## TASK PROMPT
Please output exactly the lines below, starting at the line that has "Image source. Examples" and ending at the line that has "Vandaag voor het", both included; leave out all pictures and include nothing else.

## Excerpts from a dataset
---

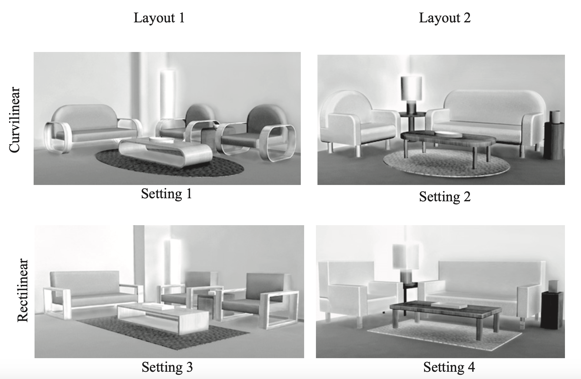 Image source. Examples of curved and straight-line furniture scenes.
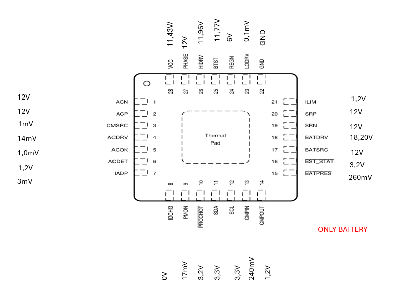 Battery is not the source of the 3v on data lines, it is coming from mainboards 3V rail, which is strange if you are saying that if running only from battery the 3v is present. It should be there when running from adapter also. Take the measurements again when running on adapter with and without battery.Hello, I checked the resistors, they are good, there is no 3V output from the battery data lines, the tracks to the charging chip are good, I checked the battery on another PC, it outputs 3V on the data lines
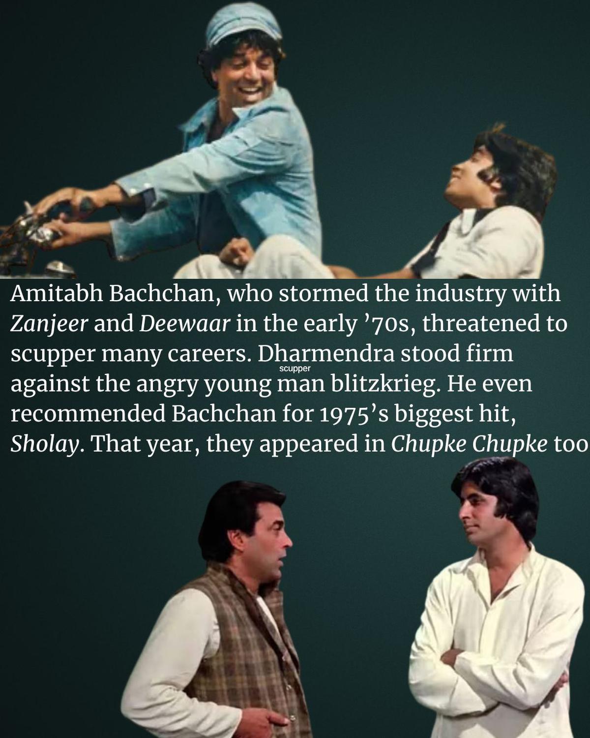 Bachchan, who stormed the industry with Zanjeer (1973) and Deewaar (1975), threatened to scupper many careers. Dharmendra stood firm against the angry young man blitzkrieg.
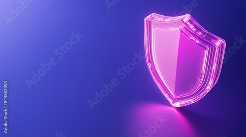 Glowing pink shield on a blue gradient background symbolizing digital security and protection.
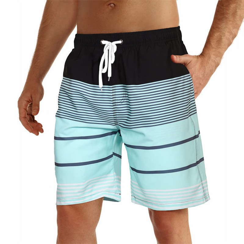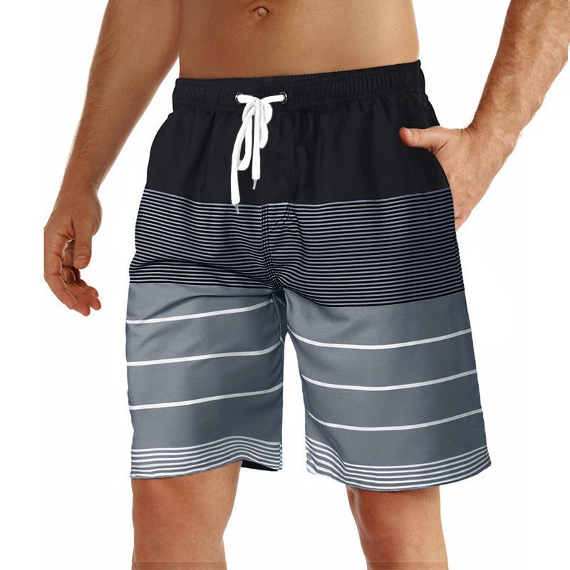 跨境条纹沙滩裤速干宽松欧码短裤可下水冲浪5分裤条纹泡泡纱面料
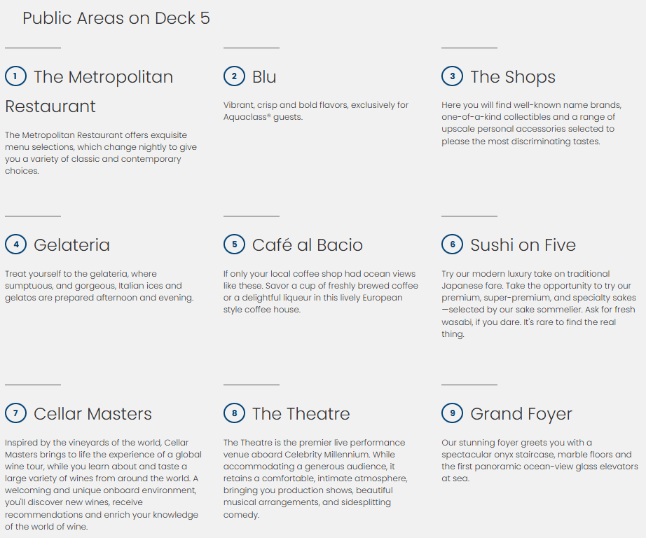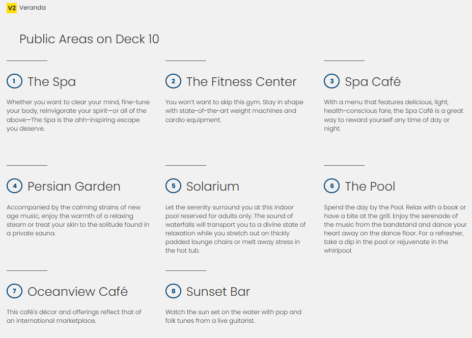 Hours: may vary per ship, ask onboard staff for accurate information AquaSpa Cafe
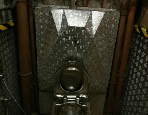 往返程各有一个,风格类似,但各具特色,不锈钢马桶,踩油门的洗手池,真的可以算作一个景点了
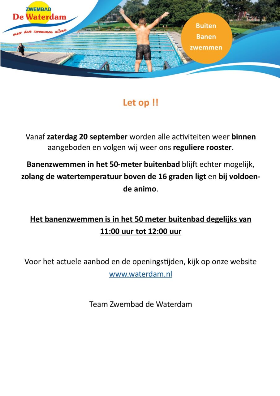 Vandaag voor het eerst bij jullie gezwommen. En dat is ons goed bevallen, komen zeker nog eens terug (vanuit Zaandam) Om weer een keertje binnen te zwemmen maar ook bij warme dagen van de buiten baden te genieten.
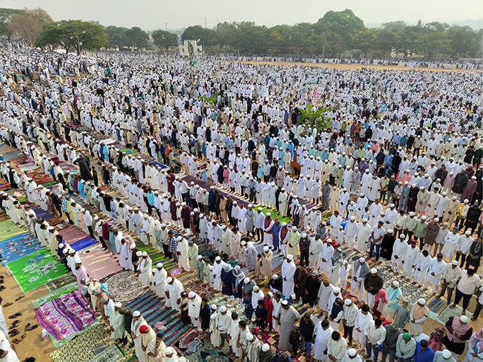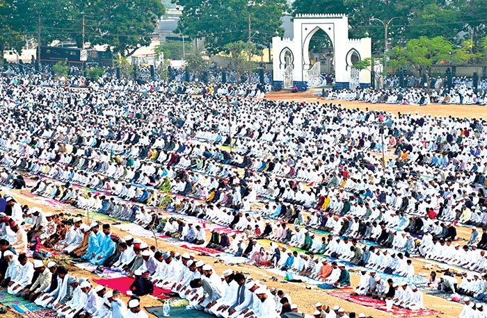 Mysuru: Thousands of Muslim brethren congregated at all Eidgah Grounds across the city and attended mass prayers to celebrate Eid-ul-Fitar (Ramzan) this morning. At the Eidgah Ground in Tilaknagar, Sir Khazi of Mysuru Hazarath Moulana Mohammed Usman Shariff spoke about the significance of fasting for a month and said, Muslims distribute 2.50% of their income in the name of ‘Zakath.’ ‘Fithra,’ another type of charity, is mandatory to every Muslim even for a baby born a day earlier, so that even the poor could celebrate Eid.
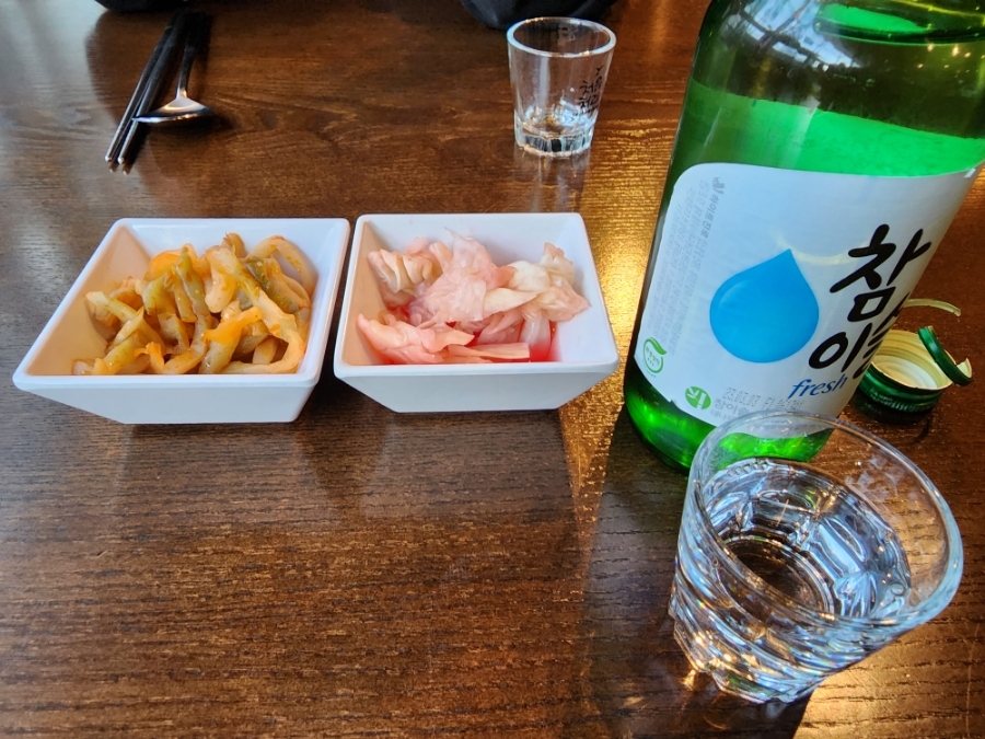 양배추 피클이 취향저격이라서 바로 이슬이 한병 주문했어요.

---

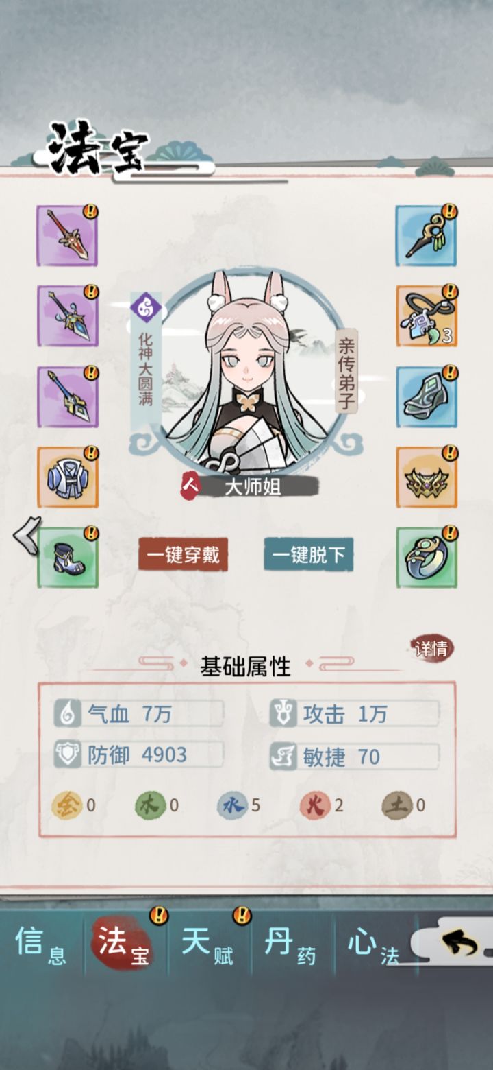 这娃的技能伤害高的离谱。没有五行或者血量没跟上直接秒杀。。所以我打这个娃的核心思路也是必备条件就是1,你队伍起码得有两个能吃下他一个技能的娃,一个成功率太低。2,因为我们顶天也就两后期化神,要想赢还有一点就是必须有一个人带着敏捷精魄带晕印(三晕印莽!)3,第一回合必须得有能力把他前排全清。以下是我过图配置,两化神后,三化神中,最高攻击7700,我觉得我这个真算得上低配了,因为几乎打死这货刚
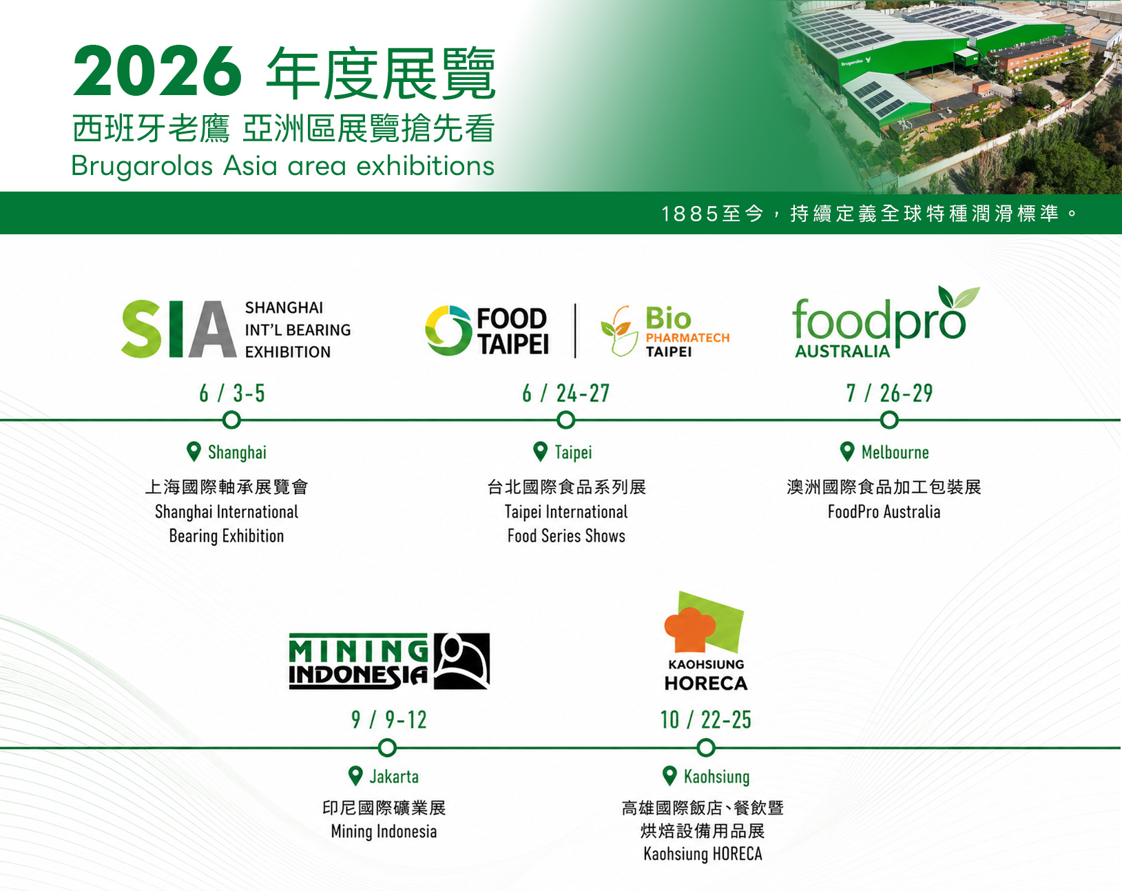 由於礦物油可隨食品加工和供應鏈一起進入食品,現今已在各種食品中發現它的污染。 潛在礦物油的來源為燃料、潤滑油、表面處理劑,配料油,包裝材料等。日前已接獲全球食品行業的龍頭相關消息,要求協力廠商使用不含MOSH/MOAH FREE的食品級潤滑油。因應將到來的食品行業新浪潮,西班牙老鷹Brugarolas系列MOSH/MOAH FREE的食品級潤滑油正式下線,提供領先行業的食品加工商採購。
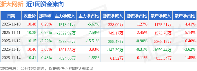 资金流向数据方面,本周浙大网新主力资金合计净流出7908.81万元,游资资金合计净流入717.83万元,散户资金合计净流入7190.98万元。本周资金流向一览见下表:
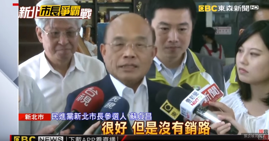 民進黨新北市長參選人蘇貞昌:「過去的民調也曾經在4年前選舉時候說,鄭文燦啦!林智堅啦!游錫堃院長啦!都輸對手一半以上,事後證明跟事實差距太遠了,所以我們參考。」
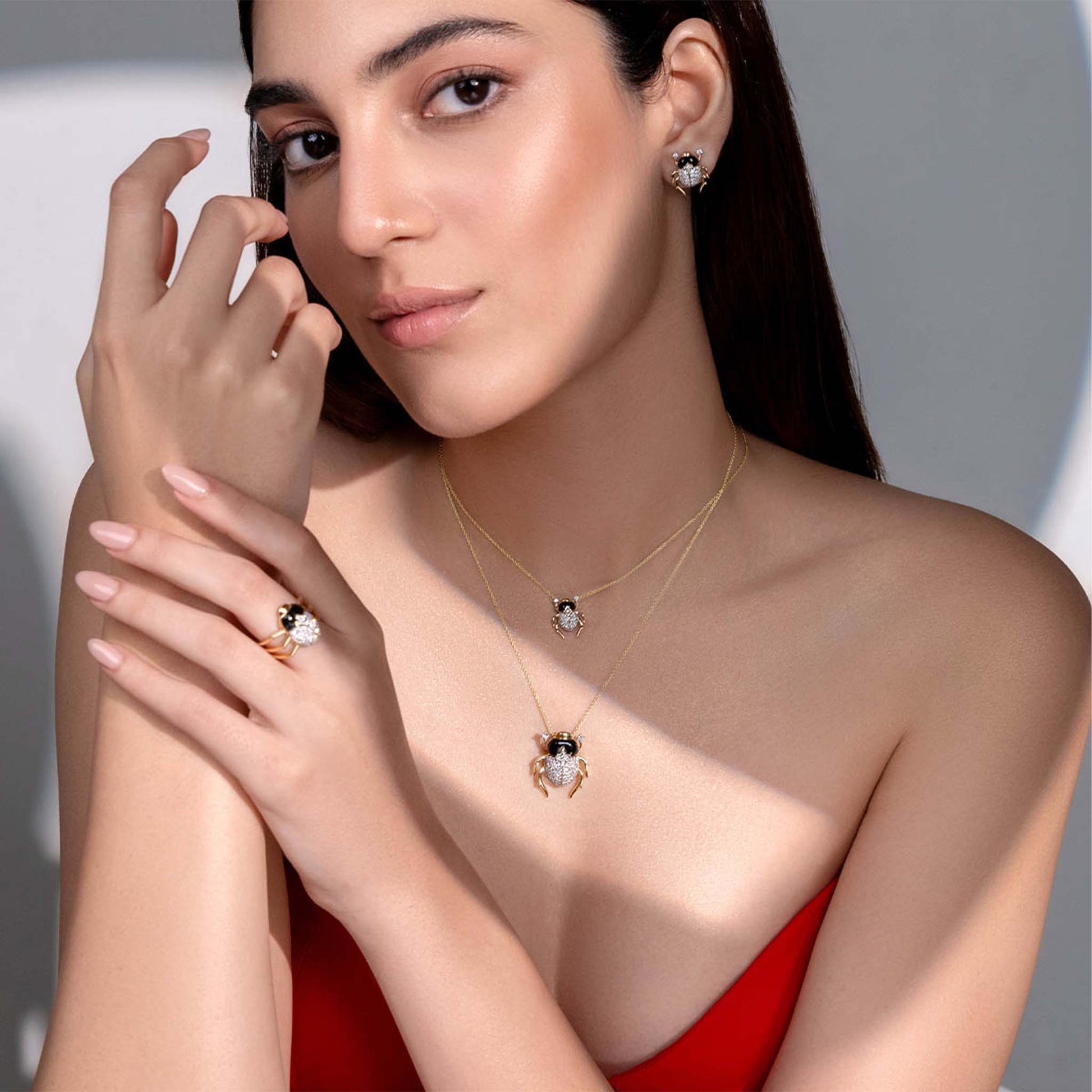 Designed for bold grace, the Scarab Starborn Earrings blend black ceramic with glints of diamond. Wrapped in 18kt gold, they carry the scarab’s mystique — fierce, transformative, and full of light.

---

## SOLVED PROBLEM
 Image source. Examples of curved and straight-line furniture scenes.
 Battery is not the source of the 3v on data lines, it is coming from mainboards 3V rail, which is strange if you are saying that if running only from battery the 3v is present. It should be there when running from adapter also. Take the measurements again when running on adapter with and without battery.Hello, I checked the resistors, they are good, there is no 3V output from the battery data lines, the tracks to the charging chip are good, I checked the battery on another PC, it outputs 3V on the data lines
 Bachchan, who stormed the industry with Zanjeer (1973) and Deewaar (1975), threatened to scupper many careers. Dharmendra stood firm against the angry young man blitzkrieg.
 Glowing pink shield on a blue gradient background symbolizing digital security and protection.
 跨境条纹沙滩裤速干宽松欧码短裤可下水冲浪5分裤条纹泡泡纱面料
 Hours: may vary per ship, ask onboard staff for accurate information AquaSpa Cafe
 往返程各有一个,风格类似,但各具特色,不锈钢马桶,踩油门的洗手池,真的可以算作一个景点了
 Vandaag voor het eerst bij jullie gezwommen. En dat is ons goed bevallen, komen zeker nog eens terug (vanuit Zaandam) Om weer een keertje binnen te zwemmen maar ook bij warme dagen van de buiten baden te genieten.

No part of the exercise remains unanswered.